Contingency tables¶
Statsmodels supports a variety of approaches for analyzing contingency tables, including methods for assessing independence, symmetry, homogeneity, and methods for working with collections of tables from a stratified population.
The methods described here are mainly for two-way tables. Multi-way
tables can be analyzed using log-linear models. Statsmodels does not
currently have a dedicated API for loglinear modeling, but Poisson
regression in statsmodels.genmod.GLM
can be used for this
purpose.
A contingency table is a multi-way table that describes a data set in which each observation belongs to one category for each of several variables. For example, if there are two variables, one with \(r\) levels and one with \(c\) levels, then we have a \(r \times c\) contingency table.

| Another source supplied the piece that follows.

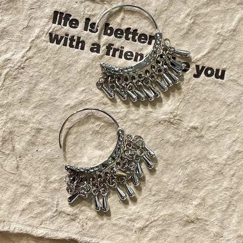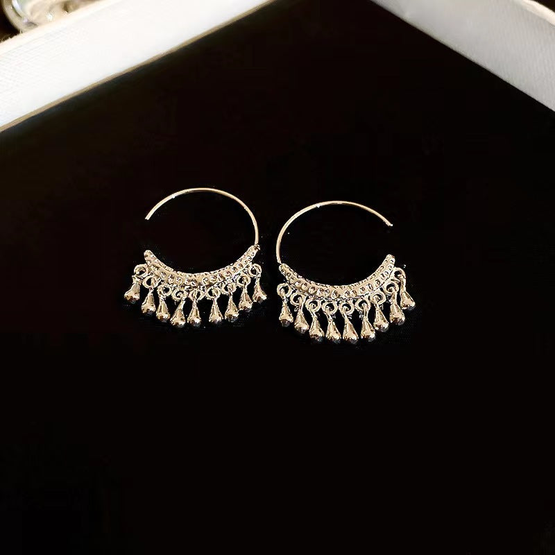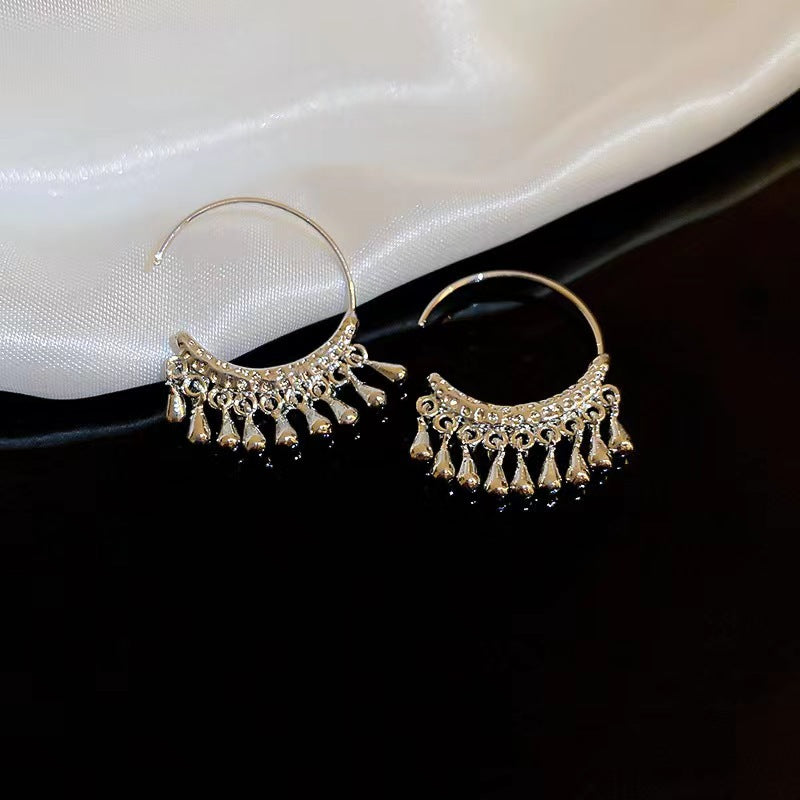 Overall, these earrings feature the simplicity and sophistication of circles, the elegance of teardrops, and the flowing grace of tassels, making them suitable for various occasions.

The table can be described in terms of the number of observations that fall into a given cell of the table, e.g. \(T_{ij}\) is the number of observations that have level \(i\) for the first variable and level \(j\) for the second variable. Note that each variable must have a finite number of levels (or categories), which can be either ordered or unordered. In different contexts, the variables defining the axes of a contingency table may be called categorical variables or factor variables. They may be either nominal (if their levels are unordered) or ordinal (if their levels are ordered).
The underlying population for a contingency table is described by a distribution table \(P_{i, j}\). The elements of \(P\) are probabilities, and the sum of all elements in \(P\) is 1. Methods for analyzing contingency tables use the data in \(T\) to learn about properties of \(P\).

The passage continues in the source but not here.